That was good. Tree that true nobody needs to ask you.


----------



## BERG (Dec 4, 2007)

So, what opinion do you have to today Tree? Now that you're going to turn 40 on Wednesday, what words of archery wisdom can you impart for us to live by?


----------



## Treehugnhuntr (Sep 7, 2007)

Keep your finger behind the trigger, your nose will thank you.


----------



## BERG (Dec 4, 2007)

Treehugnhuntr said:


> Keep your finger behind the trigger, your nose will thank you.


 :lol: Thank you. I'm at a loss for words. That is a very good opinion.

Blade just called. Lunch tomorrow in Centerville, then a vist to WA for some new sticks and tune. Meeting at about 1:30 for anyone else who might want to join us.


----------



## dkhntrdstn (Sep 7, 2007)

Treehugnhuntr said:


> Keep your finger behind the trigger, your nose will thank you.

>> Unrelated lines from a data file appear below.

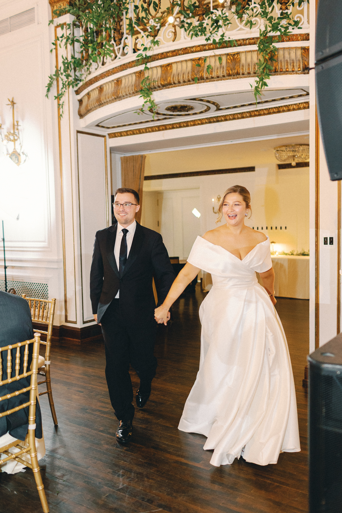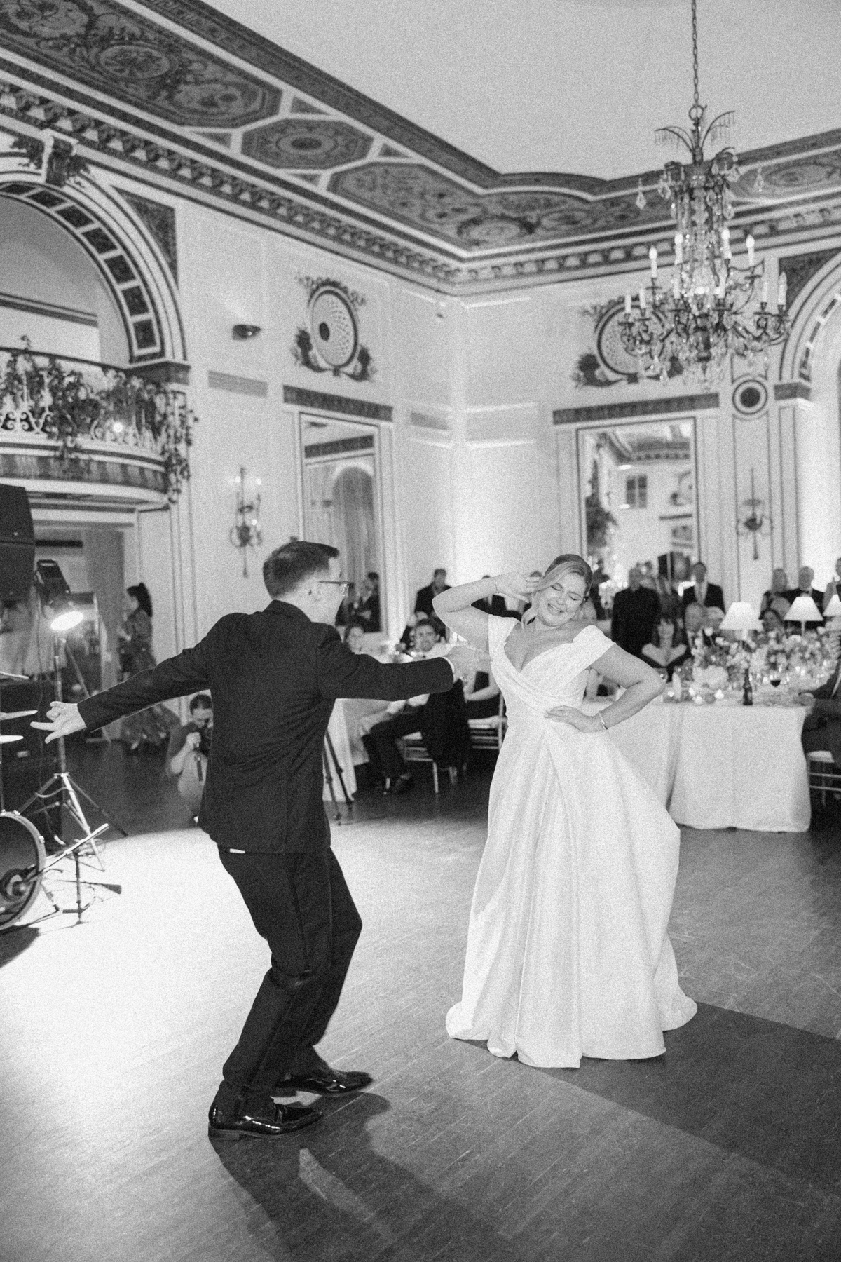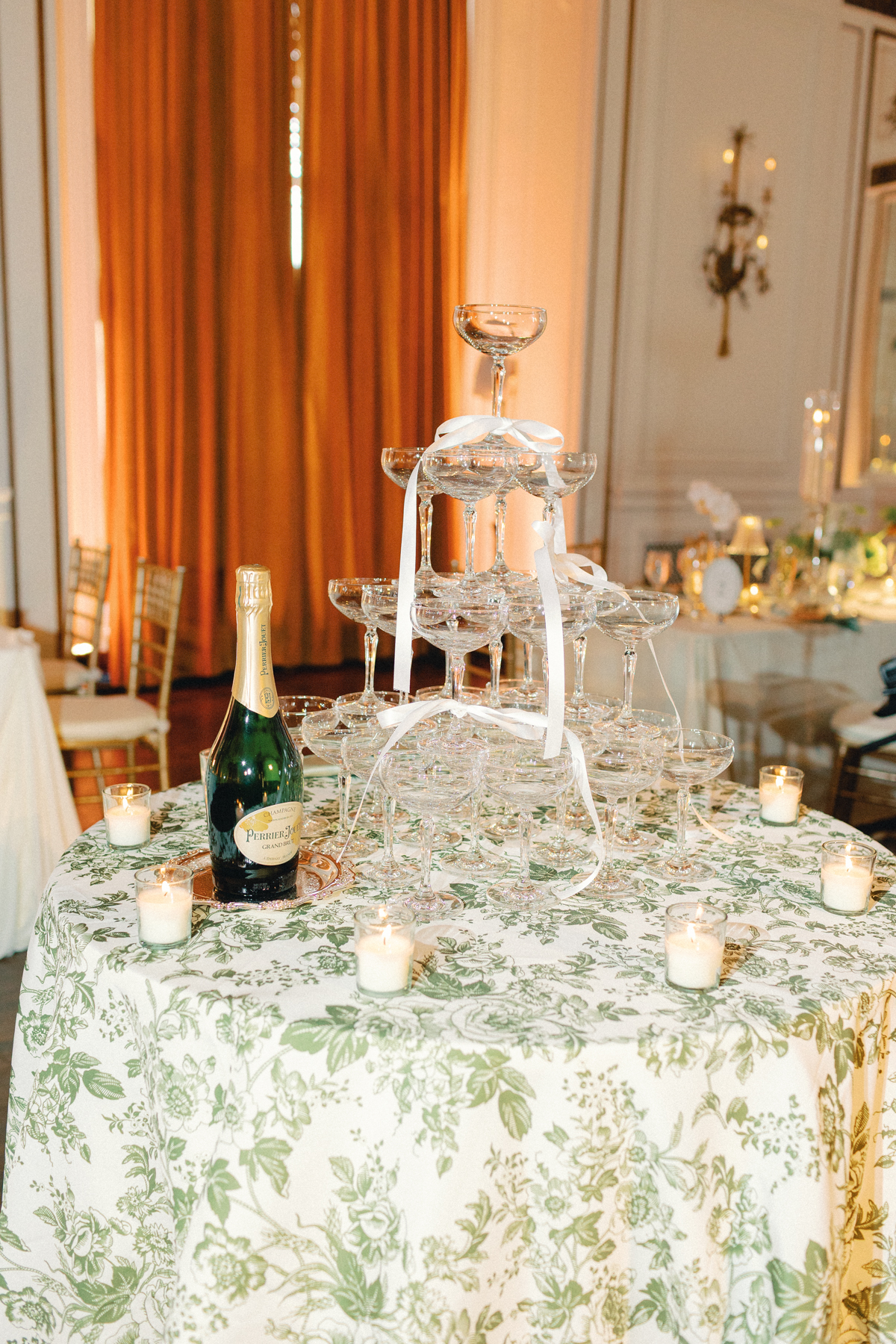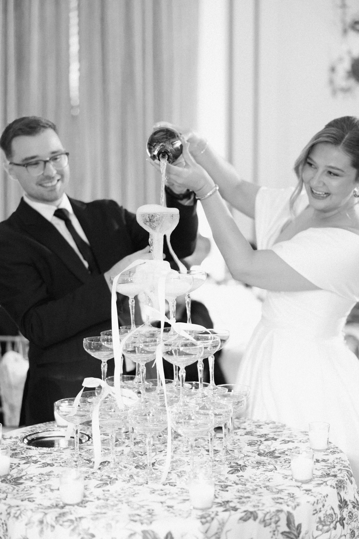 Melissa and David shared their first dance to Can’t Take My Eyes Off of You by Frankie Valli, while an all-Motown cocktail hour playlist and live performances by Ben Sharkey and The Elysium Experience carried Detroit’s soulful energy into the evening. A champagne tower dressed with delicate bows added a playful touch, while greenery cascaded from the balconies where the couple made their room reveal.
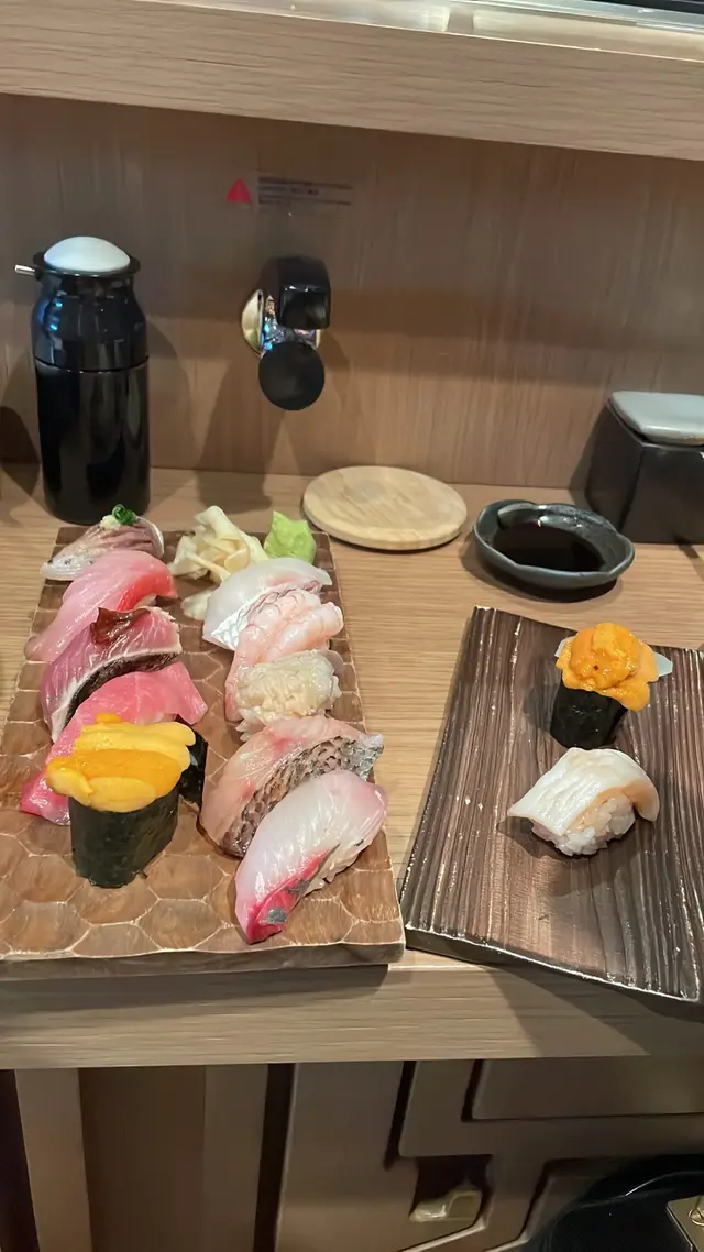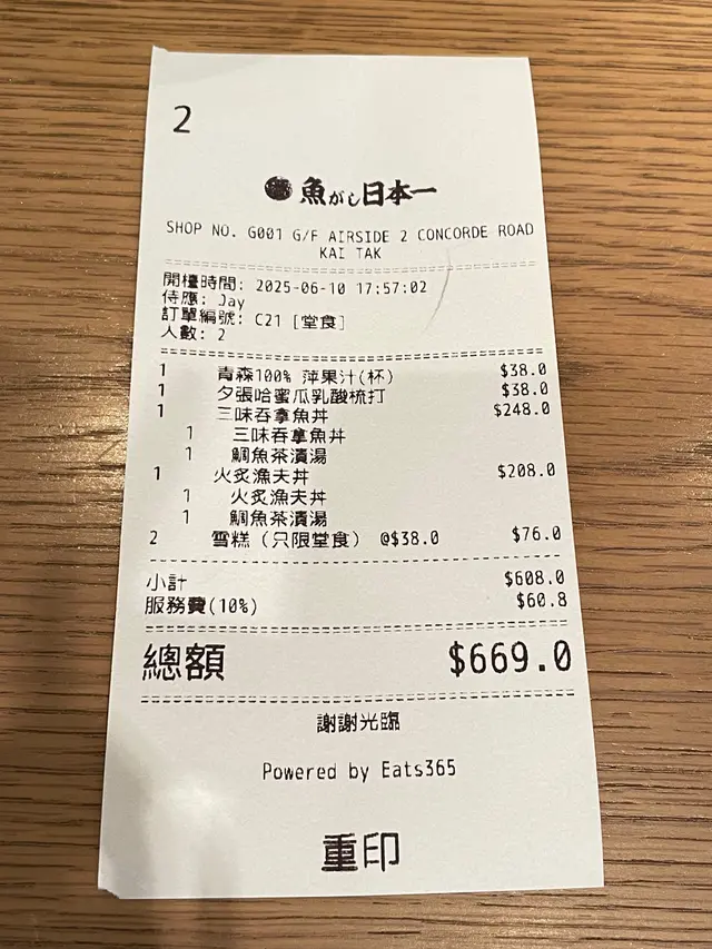 原來呢個係喺1989年成立既品牌,喺日本有30間分店ga,舖頭名帶有日本最佳魚產既意思,秉承住「七鮮」既原則,講求新鮮,即席切割、煮、焗、炸、燒同壓~ 而且用開放式壽司🍣吧檯設計,雖然只可以同時容納15位客人,反而有日式小館既風味~ 食物變化幾多都唔錯~(5 😍 係滿分,🤩係半分)火炙漁夫丼 🍣🍚 - $208 (好味指數:😍😍😍😍)我向來都幾鍾意食炙燒海鮮🔥,所以今次試下呢個飯🍚🤩 首先上面有燒過🔥既帶子⚪️,質感軟嫩,味道清甜,仲有6款魚🐟tim~ 金線鯛🐟比普通鯛魚更加鮮甜,肉質緊實~ 梭子魚🐟鬆軟鮮甜,魚肉油分少但魚皮油脂豐富,反差令到鮮味更加突出~ 黑鯥鯛🐟肉質細嫩彈牙,肥美清甜~ 右口魚邊🐟肉質嫩滑,油脂豐富~ 大拖羅🍣夠曬肥美,入口即化~ 鰹魚🐟魚味同煙燻味濃郁,幾有咬口~ 口感豐富幾正🤤同時配左個鯛魚茶漬湯 🐟🍵🥣,有清香既茶味🍵,味道鮮甜,亦有埋軟嫩鮮味既鯛魚刺身🐟同埋少少飯🍚,飲完暖笠笠咁😌三味吞拿魚丼 🍣🍚 - $248 (好味指數:😍😍😍😍)跟住就食翻個原汁原味既刺身丼,一下可以試曬赤身🍣、中拖羅🍣同埋大拖羅🍣,赤身 🍣 脂肪比較少,魚味香濃,肉質細膩結實~ 中拖羅 🍣 就介乎於赤身同大拖之間,肉質細嫩又有拖羅既油香,魚油甘香同濃郁魚味並存~ 而大拖羅 🍣 會再淺色啲~ 脂肪分佈到好似雪花❄️咁,有豐腴油脂既甘香,入口即溶🤤 另外一樣配左個鯛魚茶漬湯 🐟🍵🥣幾好😌青森100% 蘋果汁 🧃- $38 (好味指數:😍😍😍😍)蘋果🍎香味濃郁,清爽芳香,酸酸甜甜,果味自然幾好飲~九州甘王草莓乳酸梳打 🍓🍹 - $38 (好味指數:😍😍😍😍)香氣撲鼻,味道香甜,另外因為有乳酸就有啲微酸,配埋有刺激感既梳打🍹幾唔錯~雪糕 🍨 - $38 (好味指數:😍😍😍😍🤩)今次既雪糕🍨係宜家大熱既開心果味🟢,雖然望落比較淺色,但味道濃郁醇厚,入口回甘,唔會好甜,口感細緻creamy, 亦有幾香濃既奶味🥛,好食😋好味指數:😍😍😍😍推介指數:😍😍😍😍…查看更多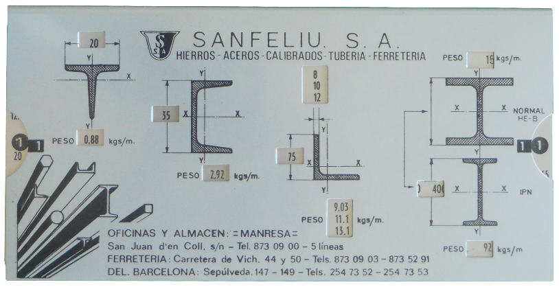 | Escalas: | Anverso: (ancho) / (longitud), (superficie) / (espesor) / (peso), (tabla selección peso varillas) reverso: (tabla de selección de pesos según perfiles) |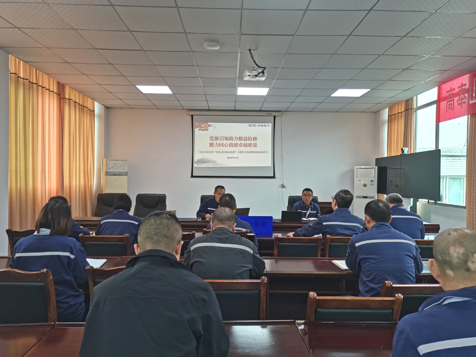 為確保檢修安全、提升檢修質量、抓好檢修進度,近日,川投電力黨委高奉山黨支部將黨建融入重點工作,開展“黨建+精益檢修”主題黨日活動,拉開了“1+2+3+4”黨建引領融入檢修工作的序幕。高奉山黨支部書記、副廠長王橋主持會議並講話,支部黨員和員工代表參加。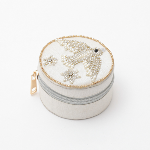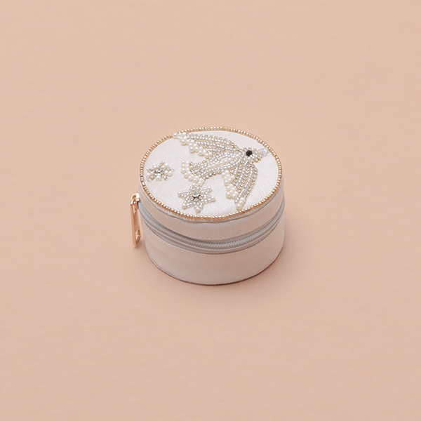 色鮮やかなビーズ刺繍が施されたファブリックシリーズ。華やかなビーズ刺繍は全て職人の手作業により作られています。長年人気の鳥刺繍を用いたアクセサリー類を収納するのに最適な筒形ケースです。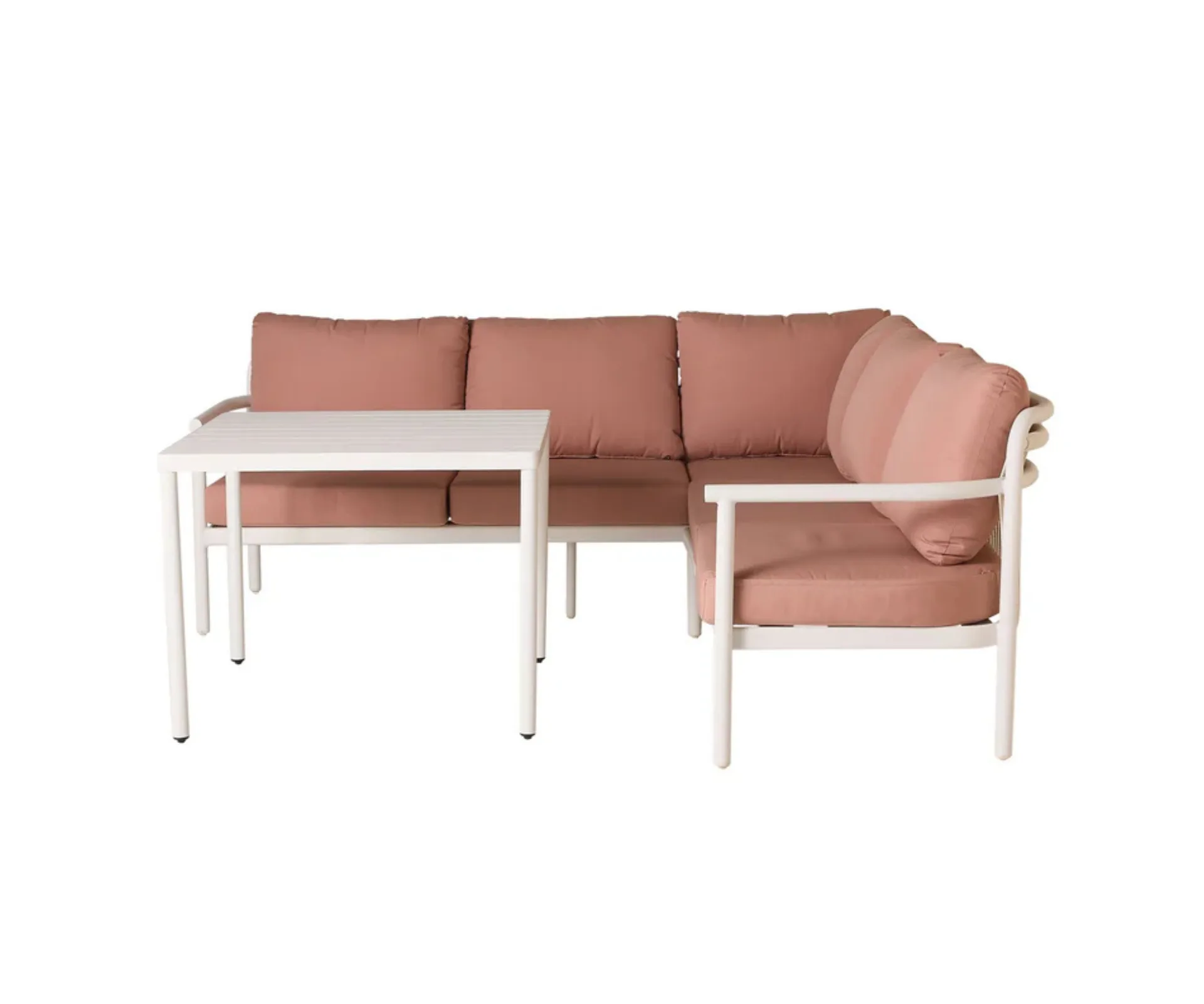 With a crisp white powder-coated aluminium frame, woven synthetic rope detailing, and cushions in a delightfully soft blush tone, the Milly Set is built to withstand harsh Australian summers (and look good while doing so). It’s the kind of piece that invites long afternoons in the sun and easy entertaining all summer long.
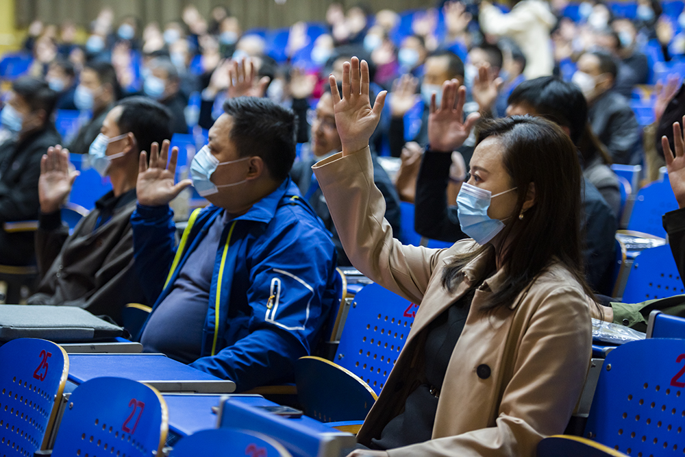 張殿臣在閉幕詞中代表學校黨委對大會的圓滿成功表示熱烈的祝賀。他指出,雙代會圍繞學校工作大局,服務事業發展,在推動學校民主管理、提升教職工獲得感與幸福感等方面做了大量工作,取得了顯著成效;全體代表充分發揮主人翁作用,履職盡責、積極作為,展現了愛校、強校、興校的行動決心。就全面落實好本次大會精神,全力做好各項工作,張殿臣強調:一要匯聚拼搏奮進的強大力量,全面實施“十四五”發展規劃。2021年是“十四五”規劃開局之年、中國共產黨成立100周年。面對良好的內外部發展環境,全校上下要進一步凝聚思想共識,積極整合并充分利用有關資源,為實現學校中長期發展目標不懈努力。要加強對重點任務、重要舉措的統籌安排,確保方向明、重點清、措施實,確保每個重要指標都能實現任務分解、都有具體時間進度,使規劃能夠落實好,持續提升學校綜合實力與核心競爭力。二要深化新時代教育評價改革,推進治理體系和治理能力現代化。教育評價事關教育發展方向,我們要深入貫徹落實中共中央、國務院《深化新時代教育評價改革總體方案》精神和中共山東省委教育工作領導小組辦公室工作清單,以系統性思維全力推進我校教育評價改革13項重點任務,全面落實立德樹人根本任務,堅決破除“五唯”頑瘴痼疾,樹立科學的教育發展觀、人才成長觀、選人用人觀,健全完善學校教育評價制度體系和運行機制,提高學校治理能力和水平,推動學校高質量發展。三要全面推進高水平大學建設,不斷深化內涵發展、提升綜合實力。我們要牢記初心使命,堅持建設特色鮮明、部分學科具有國際影響力的高水平大學辦學目標不動搖,一張藍圖繪到底,確保學校發展建設的一切工作思路和工作舉措都要圍繞這一辦學目標推進實施,持續用力、久久為功。我們要繼續堅持改革創新發展不停步,向改革要動力;要更加彰顯兩校援建和校企合作、產教融合等方面的辦學特色,持續提升服務區域經濟社會發展能力;要扎實推進各項民生工程建設,真正把師生滿意不滿意作為檢驗工作成效的重要標準,讓廣大師生共享學校發展成果。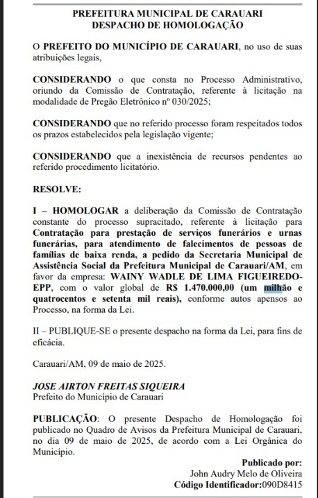 Carauari, a 789 quilômetros de Manaus, vai gastar R$ 4,6 milhões com serviços funerários, coleta de lixo e varrição. As contratações foram divulgadas no Diário Oficial da Associação Amazonense de Municípios (AAM) nesta terça-feira, dia 27.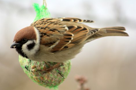 Ein Feldsperling bei der Winterfütterung (Foto: S. Klingner)
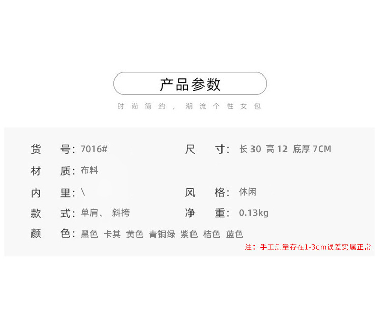 - Material: Oxford Cloth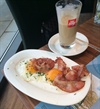 Die Spiegeleier mit gebratenem Speck hatten niemals eine Chance. Das Eiweiß war oben noch glasig, der Speck zu dick, dafür zu kurz angebraten und das ganze hatte einen eigentümlichen Nachgeschmack.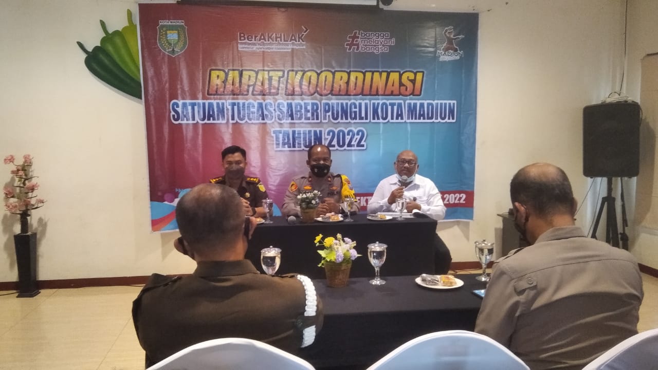 KOTAMADIUN, -akuratmedianews.com- Wakapolres Madiun Kota Kompol Supriyono bersama Satgas lakukan Rapat Kordinasi Satgas Sapu Bersih Pungutan Liar (Saber Pungli) Kota Madiun yang bertempat di Aula Salah satu rumah Makan di Kota Madiun. Rabu (30/3/2022).

Thats very good vise there.


----------



## fixed blade XC-3 (Sep 11, 2007)

dkhntrdstn said:


> Treehugnhuntr said:
> 
> 
> > Keep your finger behind the trigger, your nose will thank you.
> ...


That's the best _vise_ I've ever heard. :lol: Also your lip will thank you. I've punched my self so hard in the face I wanted to cry.  Stupid string loop broke. **** Hoyt string. :mrgreen:


----------



## dkhntrdstn (Sep 7, 2007)

fixed blade said:


> dkhntrdstn said:
> 
> 
> > Treehugnhuntr said:
> ...


O come on fix dont blam the hoyt loop string we all know it was the Alcohol that made that happen. :lol:


----------



## BERG (Dec 4, 2007)

fixed blade said:


> dkhntrdstn said:
> 
> 
> > Treehugnhuntr said:
> ...


 -_O- That's funny Blade.

I once shot Tree's house. It was an accident.


----------



## dkhntrdstn (Sep 7, 2007)

BERG said:


> fixed blade said:
> 
> 
> > dkhntrdstn said:
> ...


 :lol: oooooooooooopppppppppppppppppps


----------